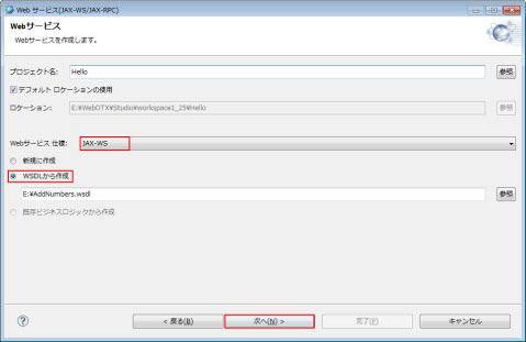指定したプロジェクトにウィザードで作成したWebサービスが既に存在している場合、Webサービスを生成することができません。
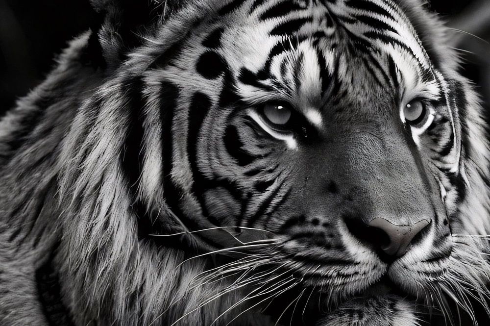 Dieses Schwarz-Weiß-Foto fängt die intensive Kraft und Schönheit eines Tigers in seinem natürlichen Lebensraum ein. Die Details des Tigers heben sich wunderschön ab, mit scharfen Linien, die den Fokus auf seine anmutige Form und seine auffälligen Streifen lenken. Der Hintergrund ist unscharf, so dass die ganze Aufmerksamkeit auf das majestätische Tier gerichtet ist. Perfekt für alle, die die Natur, die Tierwelt und die Fotografie mit einem zeitlosen, eleganten Look lieben. Dieses Design passt gut in moderne oder klassische Innenräume und verleiht jedem Raum einen Hauch von Ruhe und Stärke. Die gedämpfte Farbgebung macht es vielseitig und stilvoll, ideal für Büros oder Schlafzimmer, wo eine beruhigende und kraftvolle Atmosphäre gewünscht wird.
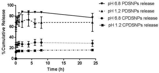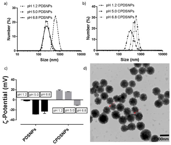 Chitosan-coated PDSNPs demonstrated a higher hydrodynamic diameter of ~740 nm (PDI: 0.5) at pH 6.9, while at pH 1.2 (PDI: 0.17) they appeared to be relatively dispersed with a size of 340 nm. A larger hydrodynamic diameter could be associated with amine groups which are less protonated at pH 6.8, leading to weak electrostatic interactions and aggregation [52]. This finding also coincides with ζ-potential findings for medium–high molecular weight chitosan of −11 mV at pH 7.0 [53]. A lower ζ-potential value also correlates with exposure of negatively charged particles due to the weakening electrostatic interactions at pH 6.8. Coating of chitosan was evident by reversal in ζ-potential of PDSNPS from −25 to +20 mV (pH 1.2 and 5.0), via TEM and TGA analysis (Figure 3, Figure S3).

=== Activity ===
Reproduce, exactly and without pictures, the lines above from the one containing "Dieses Schwarz-Weiß-Foto fängt" through the last line of the material, both ends included, and nothing more.

=== Result ===
 Dieses Schwarz-Weiß-Foto fängt die intensive Kraft und Schönheit eines Tigers in seinem natürlichen Lebensraum ein. Die Details des Tigers heben sich wunderschön ab, mit scharfen Linien, die den Fokus auf seine anmutige Form und seine auffälligen Streifen lenken. Der Hintergrund ist unscharf, so dass die ganze Aufmerksamkeit auf das majestätische Tier gerichtet ist. Perfekt für alle, die die Natur, die Tierwelt und die Fotografie mit einem zeitlosen, eleganten Look lieben. Dieses Design passt gut in moderne oder klassische Innenräume und verleiht jedem Raum einen Hauch von Ruhe und Stärke. Die gedämpfte Farbgebung macht es vielseitig und stilvoll, ideal für Büros oder Schlafzimmer, wo eine beruhigende und kraftvolle Atmosphäre gewünscht wird.
 Chitosan-coated PDSNPs demonstrated a higher hydrodynamic diameter of ~740 nm (PDI: 0.5) at pH 6.9, while at pH 1.2 (PDI: 0.17) they appeared to be relatively dispersed with a size of 340 nm. A larger hydrodynamic diameter could be associated with amine groups which are less protonated at pH 6.8, leading to weak electrostatic interactions and aggregation [52]. This finding also coincides with ζ-potential findings for medium–high molecular weight chitosan of −11 mV at pH 7.0 [53]. A lower ζ-potential value also correlates with exposure of negatively charged particles due to the weakening electrostatic interactions at pH 6.8. Coating of chitosan was evident by reversal in ζ-potential of PDSNPS from −25 to +20 mV (pH 1.2 and 5.0), via TEM and TGA analysis (Figure 3, Figure S3).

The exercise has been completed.